Does the FairTax burden the retail industry? All businesses are tax collectors today. They withhold income and payroll taxes from their employees. Moreover, the vast majority of retail businesses operating in states with a sales tax (45 states currently use a sales tax) are already sales tax collectors. Under the FairTax, retailers are paid a fee equal to one-quarter of one percent of federal sales tax they collect and remit. In addition, of course, retailers no longer bear the cost of complying with the income tax, including the uniform capitalization requirements, the various depreciation schemes, and the various employee benefit and pension rules. Finally, because of the economic growth resulting from the aggregate, beneficial effects of dramatically lower income tax compliance costs and no payroll or income taxes, customers will have substantially more money - the greatest influence on retail sales - and a reasonable fee for collecting the FairTax, all ensure that retailers will do quite well
 
The lawyers and accountants are the ones fighting the "Fair Tax" idea.


What burns me up about the present tax system is the "progressiveness" in the tax scale.
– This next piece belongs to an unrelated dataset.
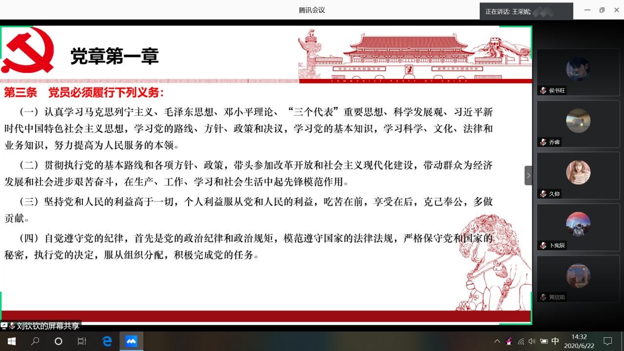 (通讯员:刘钦钦 王采妮)2020年6月22日下午2:30,太阳成集团tyc151本科生党支部通过腾讯会议的方式开展六月主题党日活动,支部书记彭文秀出席了会议,全体党员准时到会,会议由刘钦钦和王采妮同志主持。

The more you make, the higher percentage you pay, and you are penalized for having a good year.

The top 5% wage earners pay the majority of Federal Income Tax. Those in the bottom brackets get money back even though they paid none in. :???: This is simply a redistribution program by the guvment.

The "Flat Tax" might be OK, but what would be deductible? That's where the trickery would come in.
 
Mike, I really don't think the people who pay nothing in, get anything back. I worked with a divorced woman who was very upset when President Bush refunded taxes and she did not get anything. We had a hard time making her understand that it was because she did not PAY anything to get refunded.
 
The other unfair statement is that corps don't pay tax.

Any corp that makes money pays tax. If they have employees they pay tax.

Some companies choose to report nil earnings and the owners of the business are responsible for the taxes as they have to record income from the corp for the corp to report a nil balance. (Unless the corp is unprofitable, then it won't be a corp much longer anyway)

The lease vs depreciation rules are similar to Canada. The lease is 100% deductable. Interest on farm machinery is deductable, and depreciation at a set rate is deductable. I am not a fan of leasing as there is no equity built...I have seen very few times where a lease would actually save money in the long run... but I am sure there are some.

The increase in tax rate as your income climbs does seem to stifle a person wanting to do better, but it is really hard to be fair to all in society when human nature is what it is.
 
Faster horses said:
Mike, I really don't think the people who pay nothing in, get anything back. I worked with a divorced woman who was very upset when President Bush refunded taxes and she did not get anything. We had a hard time making her understand that it was because she did not PAY anything to get refunded.

It's called Earned Income Credit (EITC). To qualify, you must be head of household and make under a certain amount. In many instances you can get money back that was NOT paid in.